This is being called through the overlay zone allocator and I suspect the 
memset at line 5358 in jemalloc.c -- maybe we just disable MALLOC_FILL, or only 
enable it for DEBUG builds since it's only useful for tracing memory.

However, on the other sites, the DEBUG version is already faster than the opt 
G5 version, so I'm not sure how to explain your results on 10.5 other than the 
fact the 10.5 allocator is already pretty optimized? I'm going to do a rebuild 
without MALLOC_FILL and with issue 231 turned off to see how that comes out. 
Note that the cut and paste and drag -to- the browser issues have solved 
themselves, but 10.4 is vulnerable to the crash in M702250 (see issue 218 for 
more).

Original comment by classi...@floodgap.com on 18 Jul 2013 at 12:39

GoogleCodeExporter commented 9 years ago
Disabling MALLOC_FILL fixes the specific problem above. However, with issue 231 
disabled and regular CPU detection enabled, the browser once again dramatically 
slows on certain sites even in a jemalloc build, so issue 218 and issue 231 
appear to be separate issues that contribute to this meta-issue.

The question then becomes whether 10.5 needs issue 231 also.

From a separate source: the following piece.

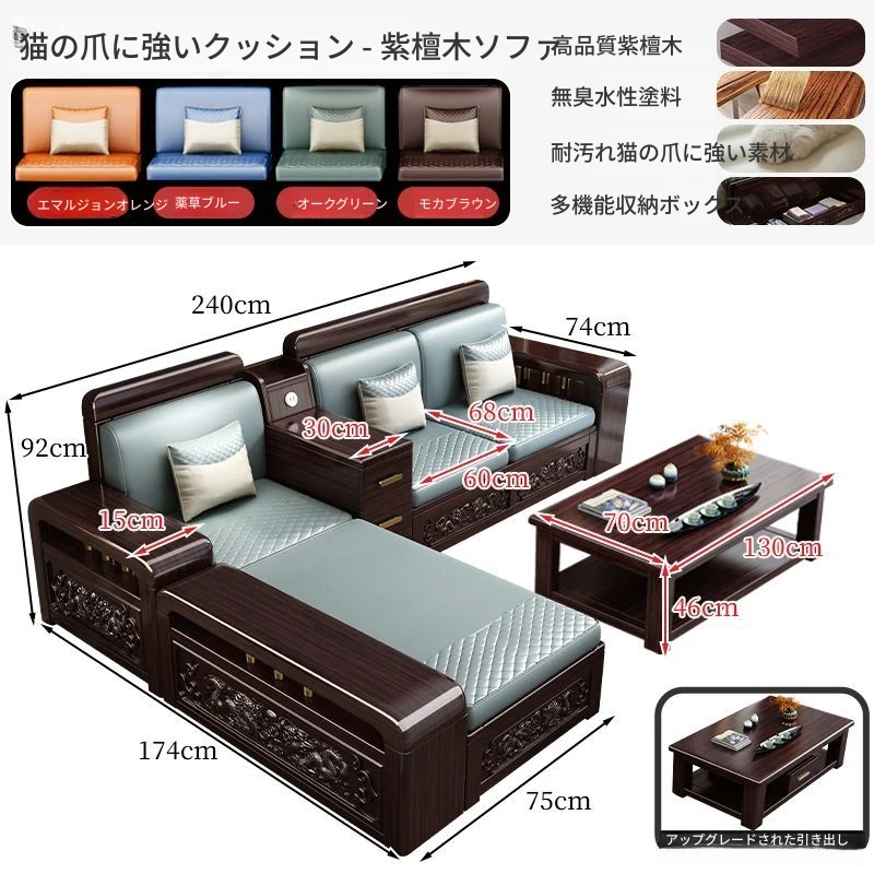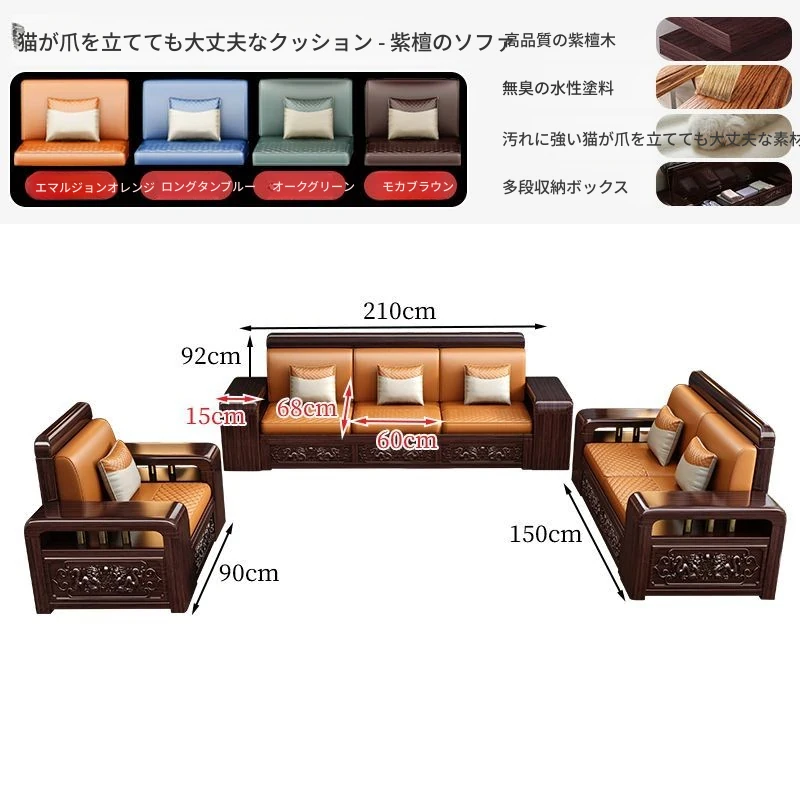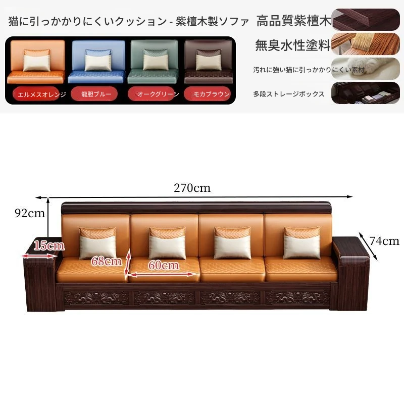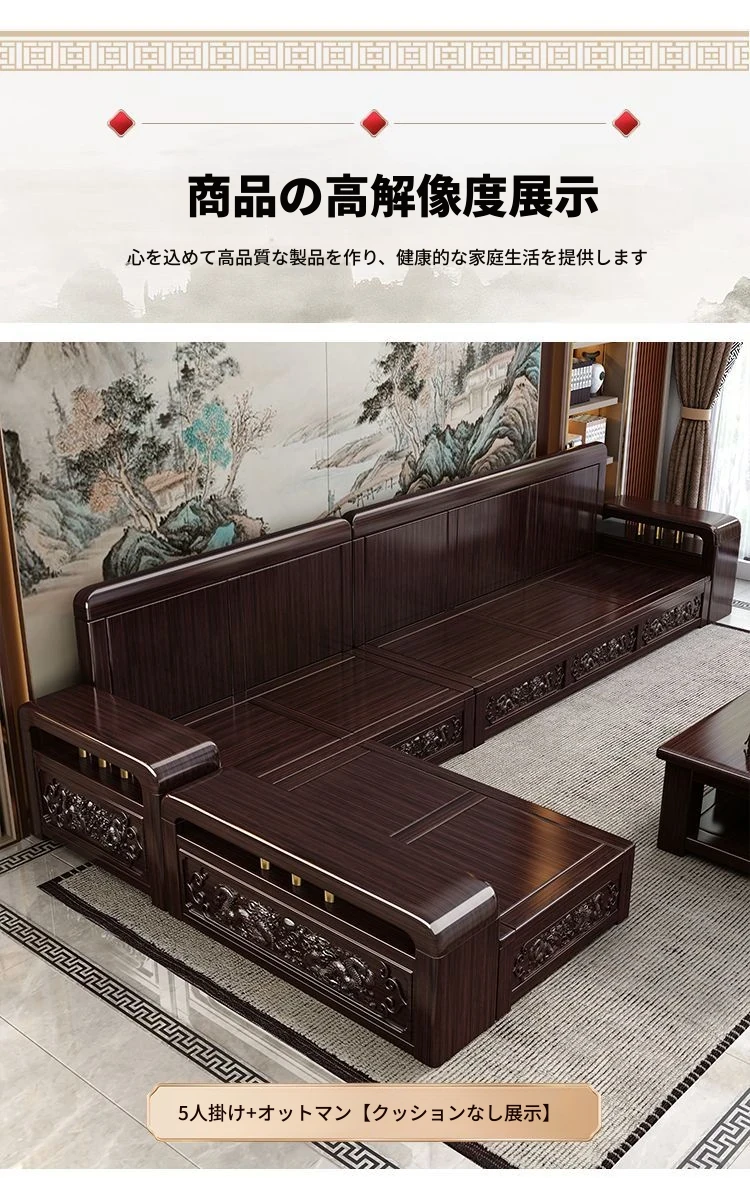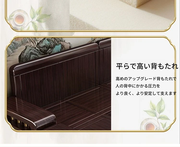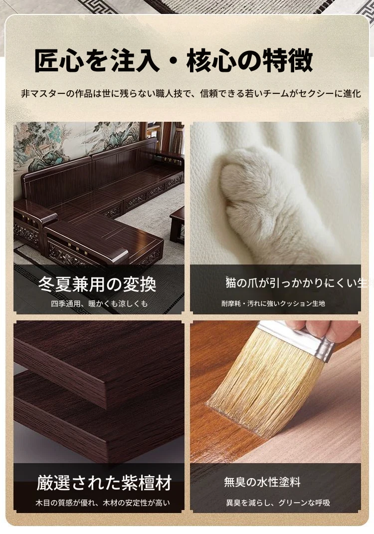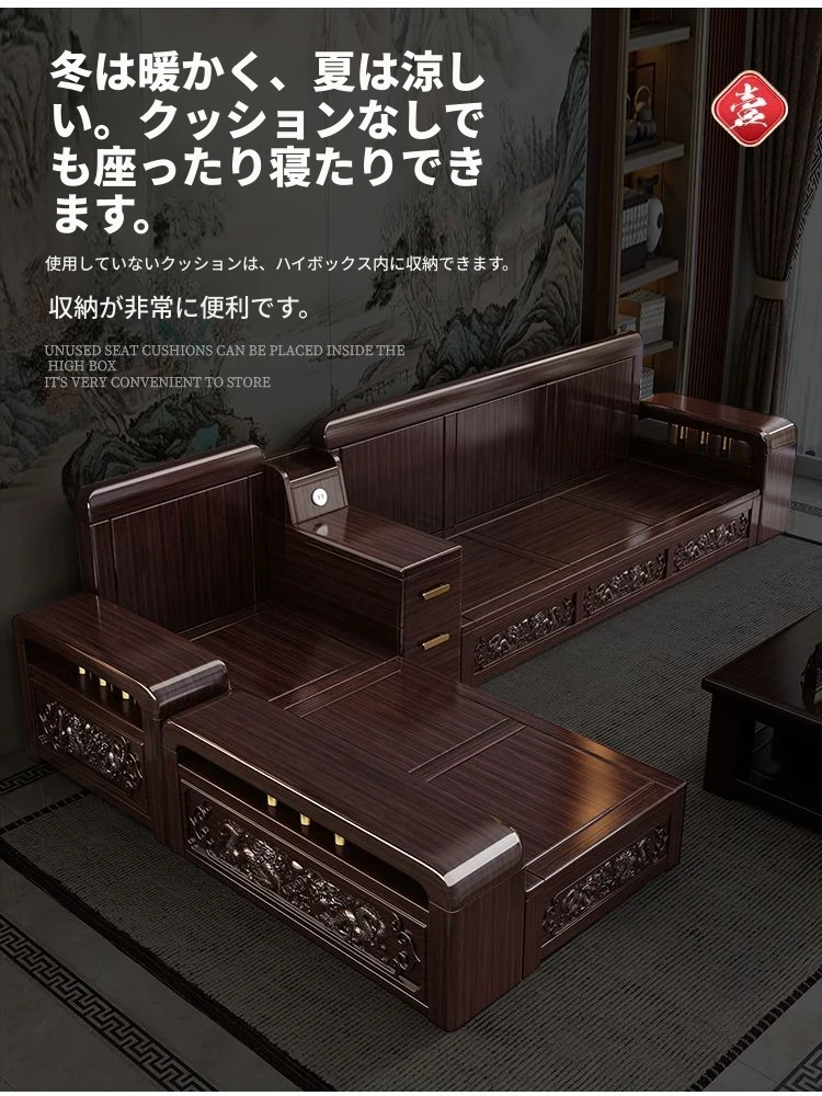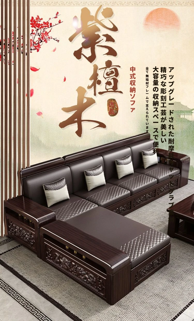 新中式デザインの紫金檀木製ソファセット|冬夏兼用・収納機能付き|おしゃれで快適なリビングに最適|家族の団らんや来客にもぴったり!

Original comment by classi...@floodgap.com on 18 Jul 2013 at 2:31

GoogleCodeExporter commented 9 years ago
The crashes from M702250 used to be reproducible only temporarily (at least on 
10.5) - it could crash reproducibly at one moment but didn't crash anymore 
after rebooting.

Original comment by Tobias.N...@gmail.com on 18 Jul 2013 at 11:00

GoogleCodeExporter commented 9 years ago
It's consistent if I drag the image to the desktop and intermittent if I drag 
it to a non-image destination, say, a terminal window. But it's unacceptable at 
this level.

So, one option is don't let the user drag images -- either Copy to Clipboard 
(which appears to work) or save to disk (which works). I have to test those on 
big images, but I guess that's one way to solve the problem. Mozilla concluded 
the bug was Apple's, not theirs, after all.

Original comment by classi...@floodgap.com on 18 Jul 2013 at 2:14

GoogleCodeExporter commented 9 years ago
Disabling image dragging at a high level fixes the problem, and still allows 
copying to clipboard or saving to disk, even for the large images in M702250. I 
consider this an acceptable compromise, so I'm going to build an opt of 22 with 
issue 218 and issue 231 tonight. If that looks good on the G5 and the iMac G4, 
we'll ship this as a beta.

Original comment by classi...@floodgap.com on 18 Jul 2013 at 10:55

GoogleCodeExporter commented 9 years ago
Test version is available.

Original comment by classi...@floodgap.com on 22 Jul 2013 at 10:09

GoogleCodeExporter commented 9 years ago
This is much less impactful as of 31. The lower graphics overhead probably 
reduces contention quite a bit.

Original comment by classi...@floodgap.com on 26 Jul 2014 at 6:39

GoogleCodeExporter commented 9 years ago
Wontfixing especially since nothing really to carry forward.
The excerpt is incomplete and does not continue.